We have produced a panel of 32 unique monoclonal antibodies that recognize common structural elements in amyloid aggregates, like the alpha-synuclein aggregates that are believed to play an important role in PD pathogenesis. Although these antibodies were originally produced against Abeta amyloid from Alzheimer’s disease, we found that many of them recognize common or generic epitopes (or antibody binding sites) that occur on amyloid aggregates from a number of different amyloids made from different protein sequences. For some of these antibodies, we have already shown that interact with alpha-synuclein aggregates in vitro. In this project, we will test the immunoreactivity of all of the antibodies against alpha-synuclein oligomers and fibrils. We will also test whether any of the antibodies can detect pathological oligomers in human PD brain. Antibodies that react with pathological amyloid aggregates in brain would represent candidates for therapeutic development.

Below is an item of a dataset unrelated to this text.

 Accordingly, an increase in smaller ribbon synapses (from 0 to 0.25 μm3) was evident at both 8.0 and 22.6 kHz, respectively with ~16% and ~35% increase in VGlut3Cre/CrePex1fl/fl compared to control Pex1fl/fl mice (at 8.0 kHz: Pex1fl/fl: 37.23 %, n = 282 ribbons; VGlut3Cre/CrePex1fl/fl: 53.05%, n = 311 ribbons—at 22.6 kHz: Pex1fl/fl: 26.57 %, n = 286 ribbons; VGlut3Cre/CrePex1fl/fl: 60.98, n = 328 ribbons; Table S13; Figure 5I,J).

Relevance to Diagnosis/Treatment of Parkinson’s Disease:
If we find antibodies that are specific for alpha-synuclein oligomers and synuclein aggregates, we plan to test them in pre-clinical models to see if they are capable of preventing or reversing Parkinson’s pathology. If these antibodies prove effective, they would then be considered as candidates for humanizing the antibodies and subsequent human clinical trials.

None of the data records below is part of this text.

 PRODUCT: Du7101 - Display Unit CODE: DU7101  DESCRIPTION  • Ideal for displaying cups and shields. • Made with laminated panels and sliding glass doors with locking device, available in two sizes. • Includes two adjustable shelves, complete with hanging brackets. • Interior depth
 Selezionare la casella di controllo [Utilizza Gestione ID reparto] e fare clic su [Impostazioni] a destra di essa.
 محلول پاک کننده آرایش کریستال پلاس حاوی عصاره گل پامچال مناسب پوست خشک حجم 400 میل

We anticipate that some of the antibodies will recognize alpha-synuclein oligomers as this was presented in the preliminary data we presented in support of the proposal. Twenty-four new antibodies remain to be tested in vitro. We will further characterize the interaction by western blotting to give an idea of the size of the aggregates. We hope that the antibodies that recognize synuclein aggregates will also specifically identify PD pathology in human brain.
The goal of this proposal is to identify antibodies that are specific for the pathology of alpha synuclein in Parkinson’s disease. These antibodies recognize unique structures in alpha synuclein that is aggregated and these structures are absent in normal synuclein. We identified 9 different monoclonal antibodies that recognize either fibrils or oligomers of alpha synuclein, but not monomers or native alpha synuclein. We stained Parkinson’s and control brain tissue with these antibodies to determine whether they detect pathologically aggregated alpha synuclein in PD. Some of the antibodies demonstrate novel staining patterns, suggesting that different types of aggregate structures are deposited in unique locations in PD. It remains to be established whether and how these unique deposits are associated with PD pathogenesis.